Four years after its privatisation Royal Mail is set to be relegated from the FTSE 100, after its shares closed at 390.05p yesterday (30 August).
Fears that Royal Mail would lose its spot in the FTSE 100 surfaced in July of this year, when the company entered the so-called ‘relegation zone’ following a decline the value of its shares, leading some brokers, including UBS, to add the firm to its ‘sell’ list.
Inclusion in the FTSE 100 is based on the market cap of each company and as a result shares that find themselves out of form risk sliding down the rankings.
This year Royal Mail has seen its share value decline by around 15 per cent in total. The company has suffered poor performance owing to reduced letter volumes, partly as a result of a decline in direct marketing among UK firms due weakening confidence among UK businesses.
However, despite such trouble, Royal Mail was still, as of August 30st, trading above its IPO price of 330p.
Joining it in relegation to the FTSE 250 is the troubled doorstop lending service Provident Financial. Last week, the company saw its share price dive by a stunning 68 per cent over the course of a single trading session (22 August), with shares trading at a low of 589.50p.
The fall came after it emerged that the lender would face full-year loses of between £80 million and £120 million. The news prompted the company’s boss, Peter Crook, to step down. The collapse in Provident Financial’ share price particularly stung Neil Woodford’s Woodford Investment Management, which owned 19.9 per cent of the company.
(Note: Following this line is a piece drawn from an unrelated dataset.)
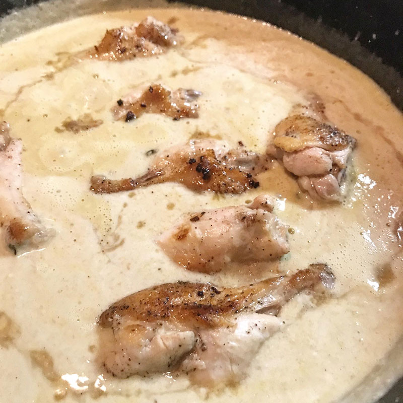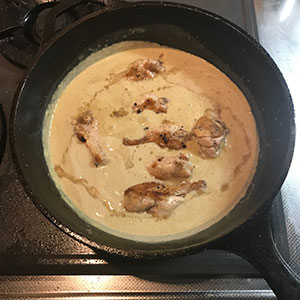 ココナッツクリームや玉ねぎのスープ、手羽元も戻しいれて

Shares had recovered slightly - reaching 892p by close of trading yesterday - but not by enough to keep Provident Financial from being pushed out of the FTSE 100.
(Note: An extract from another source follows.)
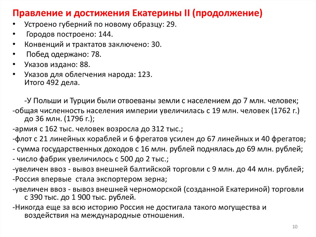 с населением до 7 млн человек. Екатерина Великая утвердилась
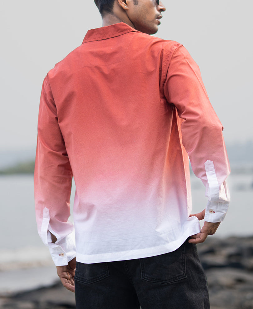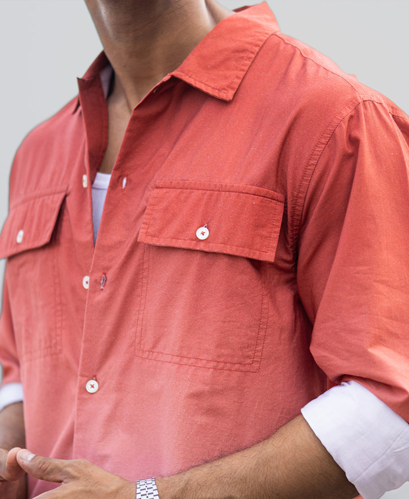 A bold play of rust and white that makes an instant statement. Designed with dual utility pockets and a soft ombre transition, this shirt brings structure with ease. Lightweight, breathable, and full of character, it’s that one piece you reach for when you want to stand out by pairing almost anything with it.

Taking their place in the FTSE 100 are NMC Health, an Abu Dhabi-based hospital operator, and property company Berkeley Group, both previously listed on the FTSE 250.
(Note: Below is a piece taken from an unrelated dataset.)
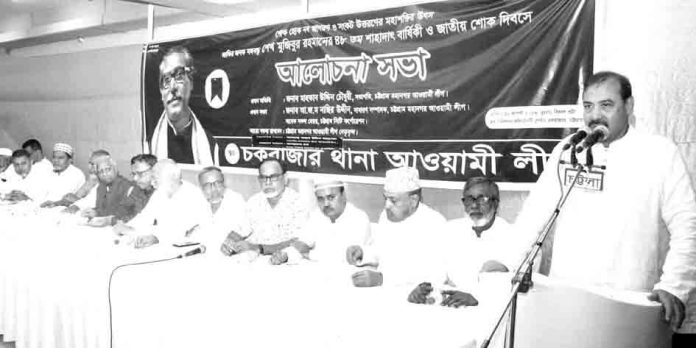 চকবাজার থানা আওয়ামী লীগের সভাপতি সাহাবউদ্দীন আহমেদের সভাপতিত্বে ও সাধারণ সম্পাদক আনছারুল হকের সঞ্চালনায় শোকসভায় আরও বক্তব্য রাখেন সংসদ সদস্য মহিউদ্দিন বাচ্চু, থানা আওয়ামী লীগের মোজাম্মেল হক খোকা, সাইফুল ইসলাম রাসেল, মো. নাজিম উদ্দীন, মো. গিয়াস উদ্দীন, ওয়ার্ড আওয়ামী লীগের সাইফুল আলম বাবু, কামরুল ইসলাম, সাবেক মহিলা কাউন্সিলর আঞ্জুমান আরা বেগম, মহিলা কাউন্সিলর রুমকী সেনগুপ্ত, সৈয়দ রফিকুল ইসলাম, সেলিমুর রহমান, ছাত্রলীগের মজিবুর রহমান রাসেল, জিএম তৌসিফ, জাহিদুল ইসলাম। সভামঞ্চে উপস্থিত ছিলেন মহানগর আওয়ামী লীগের সহসভাপতি নঈম উদ্দীন চৌধুরী, সাংগঠনিক সম্পাদক নোমান আল মাহমুদ এমপি, শফিক আদনান, শফিকুল ইসলাম ফারুক, মো. হোসেন, আবু তাহের, শহীদুল আলম, মহব্বত আলী খান, রেজাউল করিম কায়সার, হারুনুর রশিদ, ফারুক খালেদ চৌধুরী, জাফর আহমদ চৌধুরী প্রমুখ। প্রেস বিজ্ঞপ্তি।

NMC Health has seen rapid growth of late, with its share price soaring by 22 per cent since the last quarterly review. Its earnings are expected to grow by 30 per cent in the next couple of years. For Berkley Group, the promotion marks a return to the FTSE 100. The housebuilder found itself knocked out of the index last June following the UK’s referendum on EU membership.
The change in indices listings for each company will come into effect at the end of trading on 15 September.